Headbob lizard interaction, site document, Joshua Tree National Park, 2019


Hand robot programmed with Sceloporus occidentalis head bob patterns, mirrored glass, silicone, arduino, 2020


Fence lizards use head-bob and push-up displays to communicate across distances. Like human language, their species-specific movements are socially learned, make use of syntax, and exhibit regional dialects. Lizards respond to anything that mimics their movement patterns, including bobbing fingers. Dr. Martins use videos, mirrors, lizard robots, and her own bobbing finger to decode the fence lizard’s gestural language.

For Every Word Was Once an Animal, hand blown mirrored glass “rocks” and silicone robotic hands programmed with lizard movement patterns were distributed in the landscape to evoke lizard displays. In the museum gallery space, robotic hands “spoke” to one another across the gallery.

Lizard Semiotics
Lizard head-bob decoder bandana, silkscreen on cotton, 24” x 24”, 2020


A hiker’s bandana for learning lizard head-bob language pairs the gestural language of lizards with that of a human gestural language, American Sign Language (ASL). On one end is a graph showing a Sceloporus occidentalis species-identification head bob pattern, on the other, a hand spells out LIZARD in ASL.

Instructions for interspecies communication: Lizards respond to finger bobs that correctly imitate their movement patterns. First, find a fence lizard. Bob your finger in a rapid up and down motion, following the graph. The horizontal axis = duration, the vertical axis = height of the head at the top of the movement.


Sceloporus sp.

Handblown glass bottle containing a perfume based on fence lizard pheromones.
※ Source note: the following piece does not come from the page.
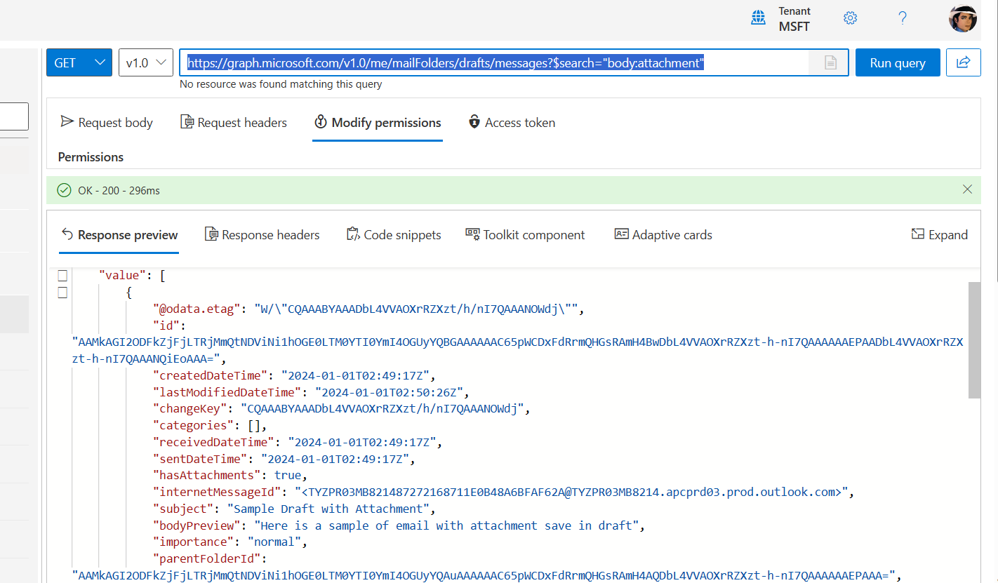 Drafts mailbox has an email with attachment Using graph api https
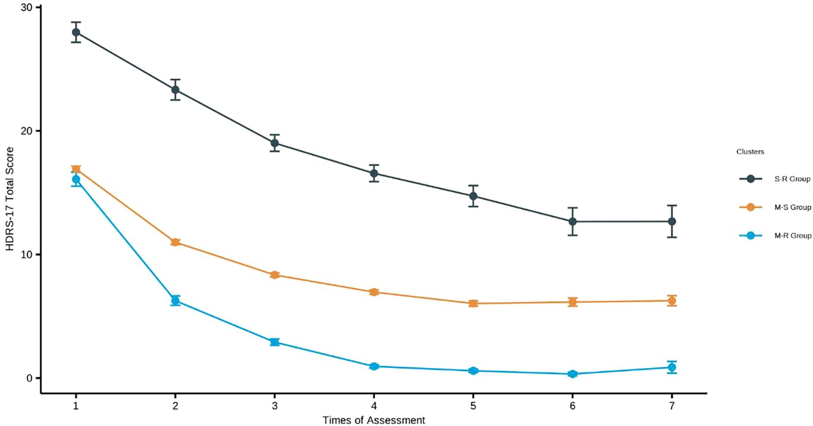 Line graph showing HDRS-17 total scores over seven assessments for three groups: S-R, M-S, and M-R. S-R group decreases from 28 to 16, M-S from 14 to 12, and M-R from 12 to 6. Error bars indicate variability.

Glass, scents, fabric, metal, 5 3/4” x 20 1/2” x 3 3/8”, 2018/2020

Fence lizards use scent, along with gesture, to claim territory, express their individual identity, and attract a mate. The perfume Sceloporus sp., based on the lizard’s primary scent compounds, is a fresh, green, floral perfume that blends with the wearer’s own skin chemistry to create a soft, sheer, more-than-human presence.


Fragrance Notes
Ceramic, scents, audio components, Magic-eye stereogram, dimensions variable, 2020


Video: Composer Juliet Palmer discusses the creation of Fragrance Notes

Ceramic cones emitted the lizard perfume on a sound activated wall while five vocalists responded to the perfume’s fragrance notes—top, middle, and base notes.

Surprisingly, Sceloporus lizard's primary scent compounds include floral jasmonates and pyrizines, which give white wine it's distinctive grassy notes, and are found in found in citrus, coffee, and chocolate.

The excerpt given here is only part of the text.